• [Work to be completed] Would you return the lines between the one holding "百勤石油技術(shù)(惠州" and the one holding "building with significant", inclusive, and only those, exactly as they stand in the listing below?

• [Data records]

---

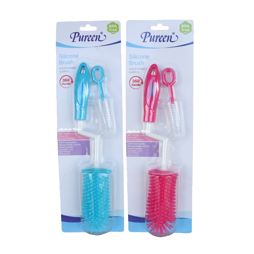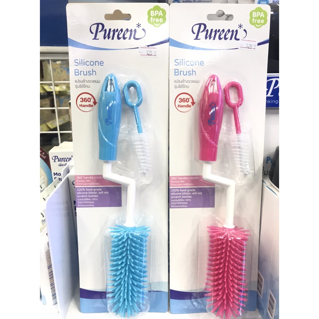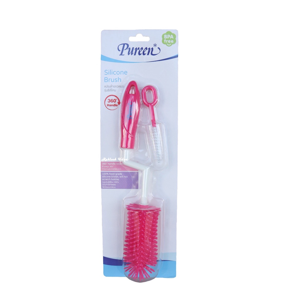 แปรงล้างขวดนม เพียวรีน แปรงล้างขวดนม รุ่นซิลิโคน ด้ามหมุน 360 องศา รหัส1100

---

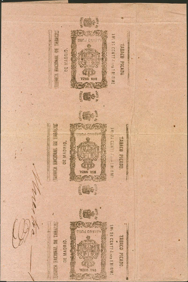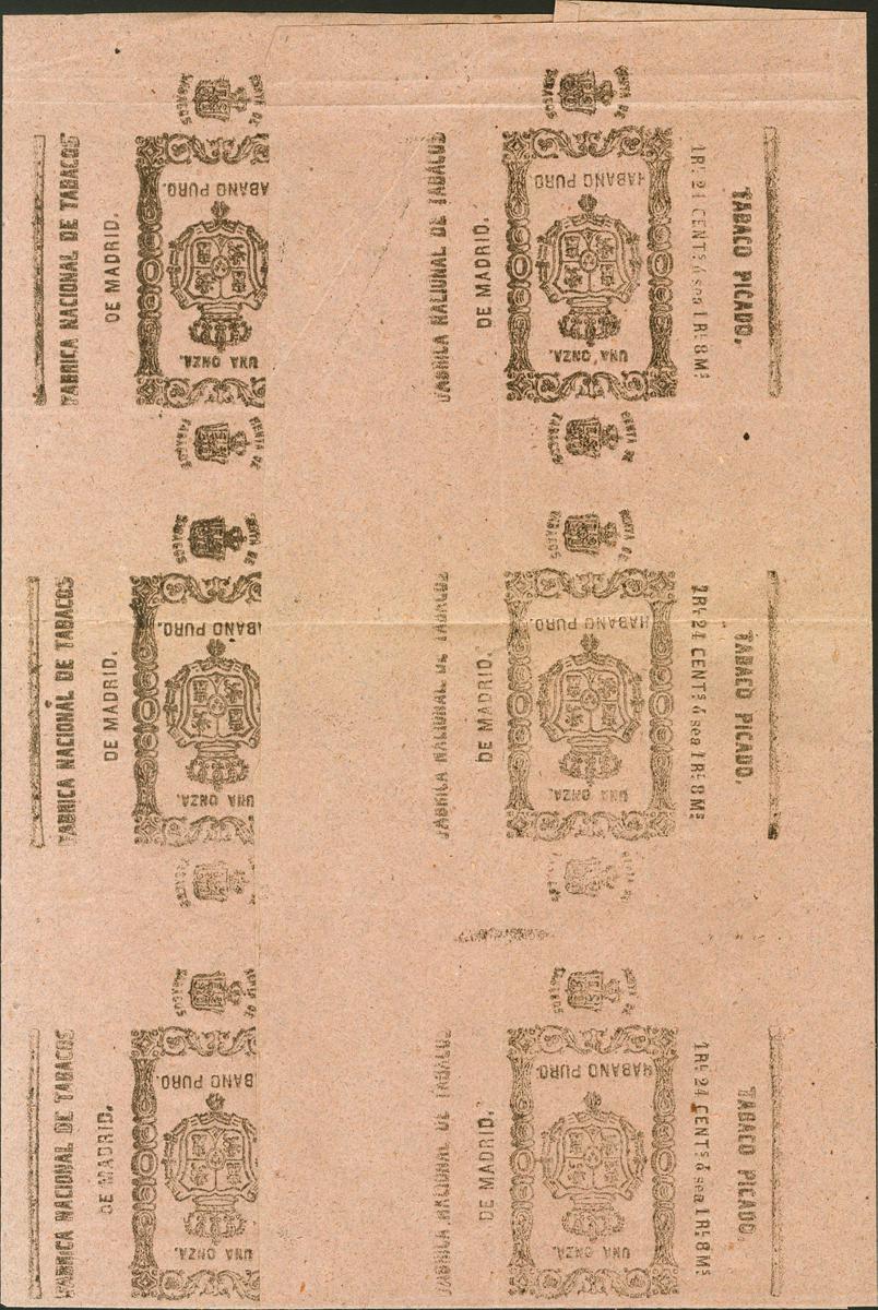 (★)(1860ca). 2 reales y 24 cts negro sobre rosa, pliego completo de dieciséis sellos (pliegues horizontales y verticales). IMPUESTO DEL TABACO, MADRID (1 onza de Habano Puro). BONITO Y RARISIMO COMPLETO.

---

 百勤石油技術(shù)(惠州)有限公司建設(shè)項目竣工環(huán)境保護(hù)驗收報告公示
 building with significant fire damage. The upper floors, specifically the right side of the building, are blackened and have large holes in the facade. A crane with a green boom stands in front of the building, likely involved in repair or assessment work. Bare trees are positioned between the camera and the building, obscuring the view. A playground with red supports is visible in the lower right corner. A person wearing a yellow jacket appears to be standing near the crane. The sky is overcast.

---

• [Solution for this task]
 百勤石油技術(shù)(惠州)有限公司建設(shè)項目竣工環(huán)境保護(hù)驗收報告公示
 building with significant fire damage. The upper floors, specifically the right side of the building, are blackened and have large holes in the facade. A crane with a green boom stands in front of the building, likely involved in repair or assessment work. Bare trees are positioned between the camera and the building, obscuring the view. A playground with red supports is visible in the lower right corner. A person wearing a yellow jacket appears to be standing near the crane. The sky is overcast.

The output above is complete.